Comprendre qui on est dans un monde plein d'attentes neurotypiques.

Se connaitre quand on est différent… bonne chance.

C’est déjà difficile pour la population plus « typique » de se connaitre, mais si tu es un  « pas pareil », un.e autiste, alors là, tu pars de loin. Tout.e petit.e, on te reproche tes gestes naturels, on te prête des intentions que tu n’as pas, on te croit souvent méchant.e ou insensible à tort parce que tu sais mal gérer les interactions, on tente de te mouler et on t’accuse des pires défauts. Tu fais honte aux tiens et tu déçois, souvent. Donc, regarder à l’intérieur de toi pour trouver le beau, ce n’est pas tant dans tes priorités. Tu te donnes quelques objectifs de base pour t’auto convaincre que tu n’es pas « si pire que ça », pour gagner un peu en estime et tu grandis en passant complètement à côté de ce qui t’importe vraiment. C’est comme ça que je l’ai vécu.

Manuel de réparation d’une autiste.

Mais cet été, comme certains le savent, j’ai rencontré des difficultés importantes, ce qui a tout cassé mon esprit. J’avais la tête éparpillée et pour m’aider à remettre de l’ordre dans tout ça, je travaille maintenant avec une psychoéducatrice. Il parait que j’ai fait une rupture de fonctionnement ou un truc du genre. Trop de changements en même temps pour ma rigidité cognitive, ça m’a complètement désorganisée et j’ai craqué. Mais il n’y avait pas que ça, en dedans, il y avait une guerre épouvantable dont je n’avais pas conscience.

La guerre des valeurs.

Si tu me demandais quelles étaient mes valeurs, je te répondais (sans y réfléchir), la famille, l’honnêteté et d’être vaillante. Je disais la famille en premier, parce ce que je veux être une bonne personne… mais la famille, ce n’est pas une valeur, c’est un contexte dans lequel on est libre ou pas d’y appliquer nos valeurs.

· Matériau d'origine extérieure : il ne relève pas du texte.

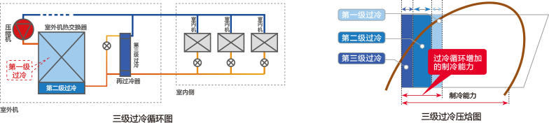 經(jīng)過前兩級過冷的冷媒,會通過高效的板式換熱器,利用膨脹閥的精準調(diào)節(jié),實現(xiàn)最優(yōu)的旁通過冷卻。 釆用三級過冷卻技術(shù),可達成30°C過冷度,實現(xiàn)更好的性能、適應(yīng)更長的安裝配管和高落差,滿足用戶節(jié)能和安裝需求。

Comme je ne les connaissais pas, sans le comprendre, j’entrais en conflit avec mes valeurs, mes vraies, pas la petite liste de trois que je sortais sur demande… mes vraies de vraies valeurs. Celles que je ne connaissais même pas. Ça m’a tellement aidé à faire le point qu’il faut absolument que je vous le partage. Au cas où il vous prendrait l’envie d’aussi lister vos valeurs.

Comment ça fonctionne les valeurs et pourquoi mieux les connaitre?

Si nos décisions et gestes sont en accord avec nos valeurs au lieu de nos émotions, sur le long terme, on va être plus heureux. Ça compte envers soi et envers les autres puis ça bouge dans le temps. Il parait que c’est comme ça que ça fonctionne. Donc, je pense, que peut-être… oui, la psychoéducatrice avait raison, connaitre mes valeurs c’était une potentielle bonne idée. Alors elle m’a proposé une liste* de 58 d’entre elles. Je devais leur donner une importance (entre A et C). Ensuite, je devais épurer la liste des valeurs A et par élimination, je devais conserver les six plus importantes pour moi. Ça oblige à réfléchir à ce qu’on ressent pour vrai, pas juste aux attentes des autres, mais à nos propres moteurs. Puis mes valeurs, au fait, ne sont pas exactement celles que je pensais. Honnêteté est encore là, mais je l’ai reculé en sous-catégorie, parce qu’en fait, c’est l’authenticité qui me tient vraiment à cœur. Le reste suit… si on est authentique, on est honnête.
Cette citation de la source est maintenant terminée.